Carlos Luis Escoffié Duarte
Foto: Valentina Álvarez Borges
La Jornada Maya
Viernes 18 de agosto, 2017
Lo que empezó como un invento curioso se convirtió en un fenómeno viral. Mi primera reacción fue de absoluto escepticismo. Su seductora publicidad, sensible a mis necesidades, ameritó toda mi desconfianza. Me parecía vulgarmente insidiosa. Algo de vergüenza habrá relucido en mi figura cuando constaté que el KamadevApp realmente funcionaba. No sólo le generaba al usuario orgasmos tan exitosos como los artesanales. También los intensificaba a niveles nunca imaginados.
Todo lo que había que hacer era comprar el gadget para celular, ya sea el diseño para hombres o para mujeres, y descargar la aplicación. Eso bastaba para recrear de forma múltiple e ininterrumpida todas las descargas espinales que, originalmente, no podían vivirse sin paciencia. Esa paciencia que implica transitar nervios, confrontaciones a los espejos, bares, miradas esquivas, absurdos rituales de búsqueda, más nervios, confusiones, signos corporales ininteligibles, miradas opacas, vasos vacíos que no deciden si rellenarse y más nervios contratacando en el umbral de la habitación: todo para alcanzar unos instantes de relente y amanecer con la ansiedad por repetir el proceso hasta convencerse de estar vivo. “No pierdas tiempo, hazlo tú mismo… y mejor”. Ese era el gran éxito de KamadevApp: arremeter contra la insufrible paciencia.
El furor por el artilugio levantó un laberíntico enfrentamiento entre sus defensores y críticos. Pero a la rueda del mercado parecía no importarle. En su momento, me tocó moderar en la Universidad de Piricure un debate entre Darmio Fivulo, el Prometeo creador del KamadevApp, y Siliaco Nesto, sacerdote de la Iglesia Cátara. Ya era tanto mi hastío por el tema que apenas recuerdo la épica batalla entre mis dos invitados. Pero algo no olvidaré nunca: esa semana, el maná inagotable había triplicado sus ventas.
Finalmente la polémica dejó de serlo. El KamadevApp se volvió parte de nuestras vidas cotidianas. Así como el progresivo, pero permanente cierre de bares, gimnasios y tiendas departamentales. Los restaurantes, cines, bibliotecas y centros de yoga corrieron la misma suerte. Los clímax ilimitados comenzaron a robarles adeptos al deporte, la música, la literatura, la pintura y la academia. La supervivencia se convirtió en la única excusa vigente para el contacto entre las personas. Al poco tiempo, el mundo de los seres humanos se pobló de fantasmas autómatas, remplazando las ciudades por cementerios sin mayor iluminación que la que escapaba de las habitaciones.

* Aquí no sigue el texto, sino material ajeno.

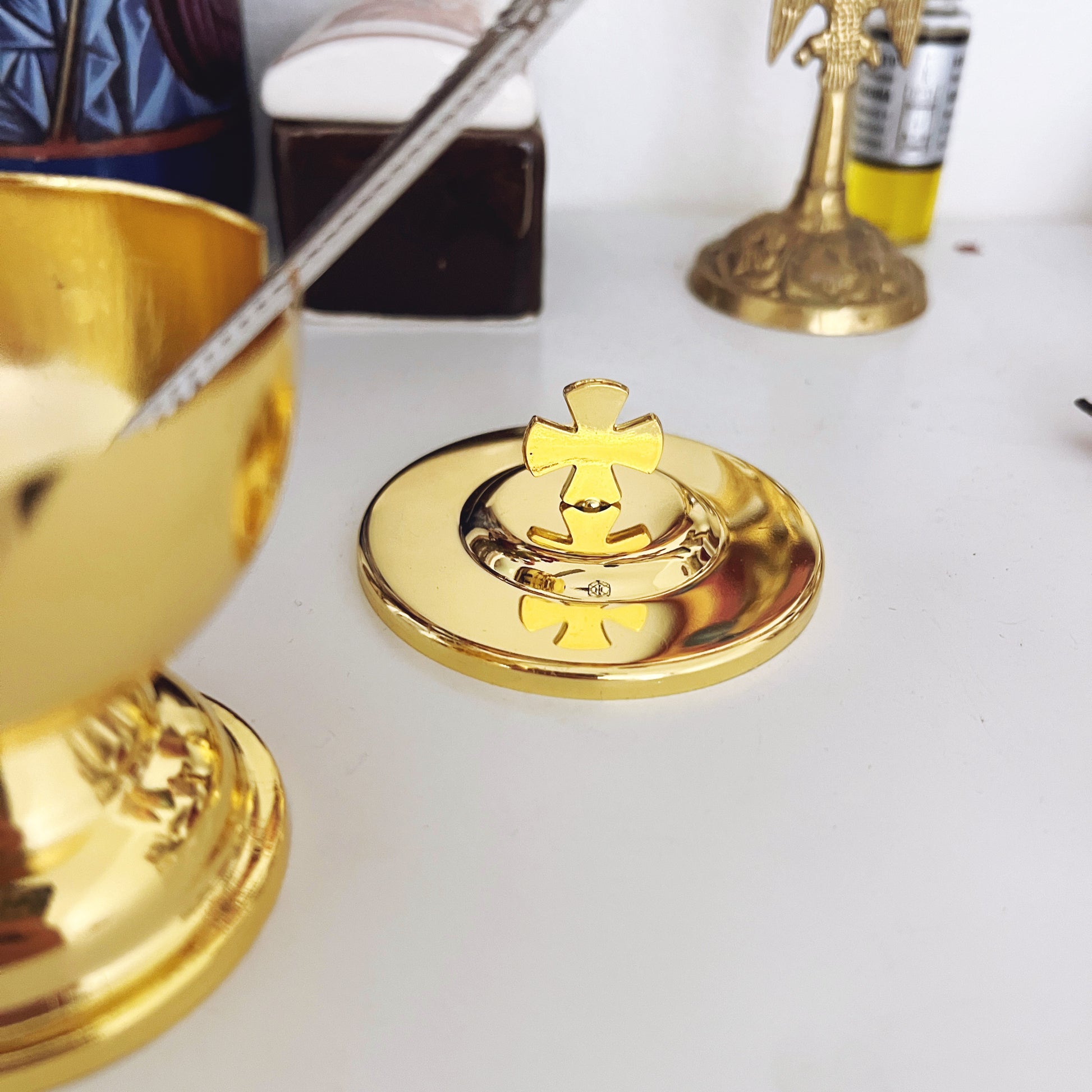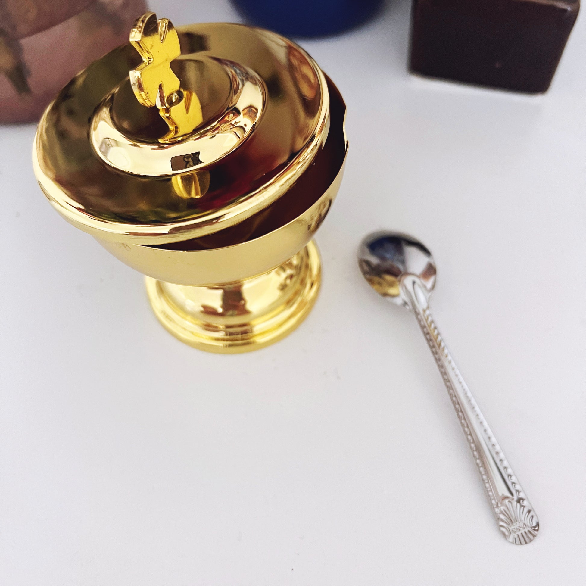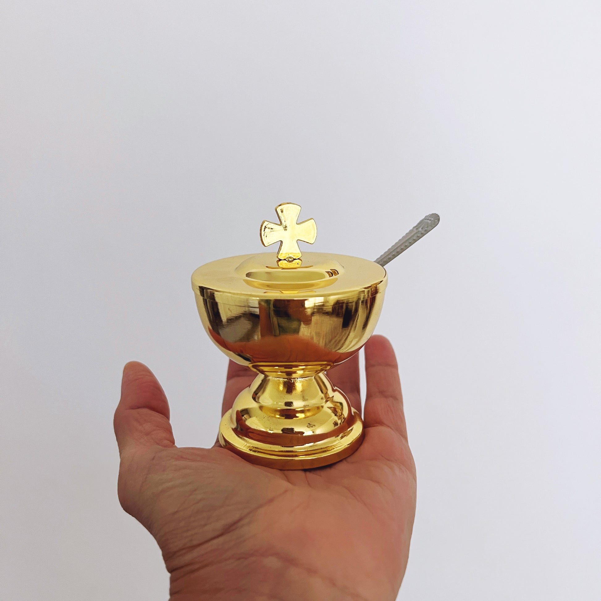 Pequeño incensario dorado para quemar incienso durante la oración. Este incensario incluye una cucharita para recoger el incienso. Es delicado, sencillo y hermoso.

Hace un par de meses ocurrió el paradójico milagro. La falta de inercia que había envuelto al mundo se apoderó de la central de KamadevApp. Sin actualización, sin mantenimiento y sin necesidad de reinventarse, el sistema fue agonizando lentamente hasta apagarse por completo. Llegaron los días del lamento, la rabia y la desesperación. Las amibas de carne y hueso habían perdido la cornucopia del placer. Eran ya incapaces de recordar aquellos días en los que el sorgo era cultivado con paciencia y recelo sobre la tierra cálida.
Justo cuando estaba a punto de dejar mis últimas instrucciones sobre el trinchador, advertí ruidos salvajes a las afueras de mi casa. Espasmos se apoderaron de mis vértebras cuando descubrí que el bullicio venía de un bar recién abierto. Había gente. Gente con otra gente, buscándose, negándose y rencontrándose sin prisa, pacientes por la promesa de venideros segundos de cosecha.
Por primera vez en áridas décadas, el ser humano volvía a retoñar sobre la tierra.